I am guessing this problem is NOT fixed, however just getting
to this I noticed that the page is no longer available.  Can
you retry with Mozilla 1.3b and if it is still happening, put
the site/testcase back up (or attach it to this bug)?

till then I am going to mark this as invalid, when the testcase
is available, just re-open.
Comment 10 James Peirce 2003-02-21 12:56:20 PST
Oh, sorry about that guys!
I took everything down when I moved the site quite some time ago.  I have posted
the test case again with the required script and images.  The rest of the page
images are missing, but it works in the other browsers again.  I will download
and test in Mozilla 1.3b tonight.
Comment 11 Boris Zbarsky [:bz] (still a bit busy) 2003-02-21 13:08:30 PST
This seems largely fixed by the patch in bug 83774 except for one thing --
images that have not yet loaded when the click comes in never seem to get
loaded.... (presumably because the load of "javascript:;" cancels the
in-progress document load).
Comment 12 Jim Dunn 2003-02-21 14:29:40 PST
btw in looking at this using mozilla 1.3b on win2k
I am seeing the problem HOWEVER if I do a <shift> mouse-click
it seems to load fine.  What does the <shift> give me?
refetching the image?  
Comment 13 Boris Zbarsky [:bz] (still a bit busy) 2003-02-21 17:16:57 PST
<shift> makes us not try to follow the link (since shift-click is "save link").
Comment 14 Jim Dunn 2003-04-03 14:36:28 PST
INTERESTING... this site preloads all of the images using newImage
but then later does a 
  document[changeImages.arguments[i]].src = changeImages.arguments[i+1];

This quickly fills up the memory cache (i.e. about:cache?device=memory
tells me:
    Maximum storage size: 	4194304 Bytes
    Storage in use:     	6058288 Bytes

To get around this... you can do
modify browser.cache.memory.capacity
click on the "value" field (i think default is 4096)
and change it to 35000.  

I found that the site when everything is loaded requires 33709k

NOTE: while the jpegs on the page are only 24k (or so)
we decode them and store these decoded images in memory
so with only 4k we overflow it very quickly and then
later when the imgCache goes to "get" them... nothing
is there.

Comment 15 Christian :Biesinger (don't email me, ping me on IRC) 2003-04-04 04:19:34 PST
shouldn't the disk cache be used in that case (and re-decode the image of course)?
Comment 16 Jim Dunn 2003-04-04 08:10:46 PST
I assume that is how it is suppose to work, but something must be
wrong.  Am starting to go through this now, figuring out when/where
decoded bits get written in, what checks get done, what happens
when cache is full...  I think this will fix a bunch of open bugs.
Comment 17 Jim Dunn 2003-04-10 13:00:16 PDT
Much of this bug is fixed.

What I found is that this now loads fine, UNLESS partway through
loading, you click on one of them, all loading stops and you
can't display ANY images that haven't been loaded.  I believe
(after talking Gordon) that this is probably how it is supposed
to work.
The current page is still loading when the user clicks a link.
The browser stops loading the current page and executes the handler 
for the link tag.  It happens simply change the current page.

and because the way the javascript is setup, clicking on a non
loaded image doesn't try to "get the image", just display it,
so if it hasn't been loaded, you don't see anything.
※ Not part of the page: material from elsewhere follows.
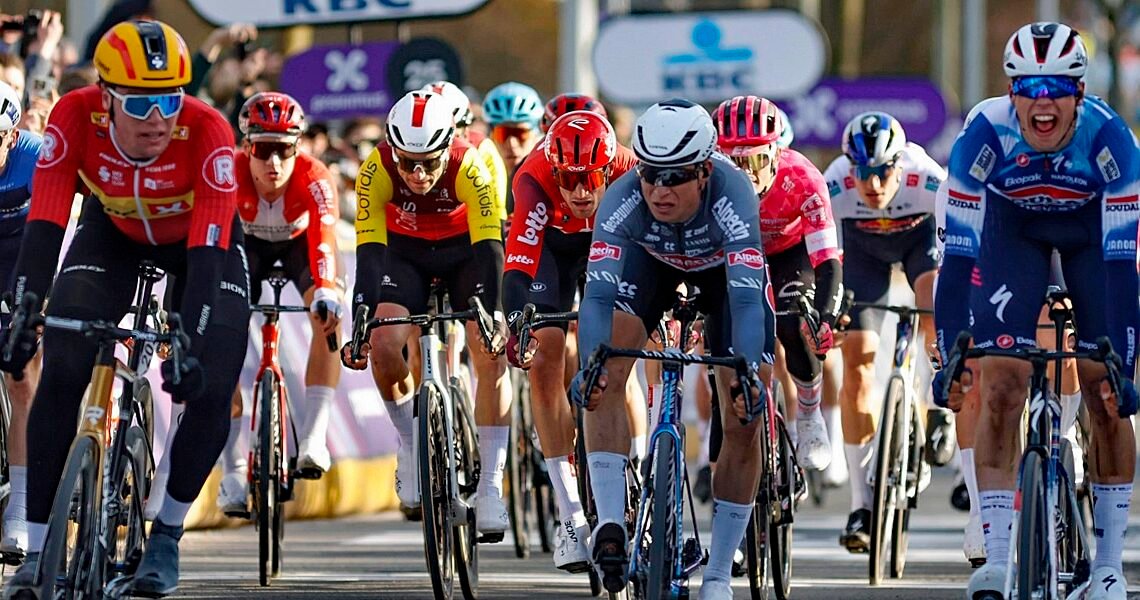 There was no real attack on the Molenberg, but the peloton split into several pieces. At the top, 42 kilometres from the finish, De Lie, last years winner Jan Tratnik and Wout van Aert had to chase back on. They had been in a second group. Alpecin-Deceuninck had not missed the move and had five men at front with Kaden Groves and Jasper Philipsen. The Belgian team continued to ride at full speed to the Berendries. In the Van Aert group; Visma | Lease a Bike had started to chase.

Am changing components... this probably should be closed as
won't fix or invalid at this point, but will let you decide.
Comment 18 Jim Dunn 2003-04-10 13:09:01 PDT
changing owner
Comment 19 Boris Zbarsky [:bz] (still a bit busy) 2003-04-10 16:10:43 PDT
Um... how is loading behavior in any way, shape or form JS engine?  I'd think
that would be docshell, if anything...
Comment 20 Phil Schwartau 2003-04-10 17:04:41 PDT
Following Boris' suggestion and reassigning to Docshell for a look
at the issue raised in Comment #6, Comment #11, and Comment #17.
The original problem seems to be fixed.
Comment 21 Darin Fisher 2003-04-10 18:13:05 PDT
Created attachment 120153 [details]
simplified test case

simplified test case.  summary of problem:

so there is a bug with onClick handlers that set src.  if the image is not
already in the image cache, then we'll display a broken image... or nothing at
all.  the link click is asynchronous, but LoadImage (from imageelement.src=foo)
happens synchronously.	as a result link click causes the initial LoadImage to
get canceled.  there are lines of html like this:  <a href="javascript:;"
onClick="..."> the onClick executes and then we follow the href, which kills
the load from the onClick handler.
Comment 22 gordon 2003-04-10 18:19:00 PDT
Phil, the original problem is *not* fixed.  In fact, it is worse than the
reporter realized, because actually both onClick and onMouseOver exhibit the
same problem, if you click on a link before the images are cached.  See the
simplified test case Darin just posted for the 'real' problem.
Comment 23 Boris Zbarsky [:bz] (still a bit busy) 2003-04-10 18:24:29 PDT
Can we somehow special-case Javascript urls here if they produce no output? 
Darin, we're basically killing off the old loadgroup on that javascript: load,
right?  So things like subframes that had not finished loading would also get

Or do we just declare this site broken for not returning "false" from onclick?
Comment 24 gordon 2003-04-11 13:04:15 PDT
Darin's test case has two simple work-arounds.  I think it may be reasonable to
mark this either INVALID or WONTFIX.  Using an empty javascript URL with an
onClick handler seems dubious.  I'd be interested in hearing other perspectives
Comment 25 Darin Fisher 2003-04-11 13:31:35 PDT
bz: yeah, i would think the link click would stop any pending network requests,
including those for subframes, etc.

brendan, jst:  i'm out of my element here.  please see bz's comment #23 and my
simplified testcase in comment #21.  thx!!
Comment 26 jeffm 2003-04-11 13:33:18 PDT

I know of many who use this quite extensively, indeed the famous "NYPL Style 
Guide" suggests this very approach (setting href="javascript:;" and using 
onclick). I first discovered the NYPL Style Guide through and I 
have seen portions of it quoted or referenced extensively around the web. (In 
other words, people may or may not be paying attention to this suggestion of 
the guide but I know that they do pay attention to the guide as a whole). 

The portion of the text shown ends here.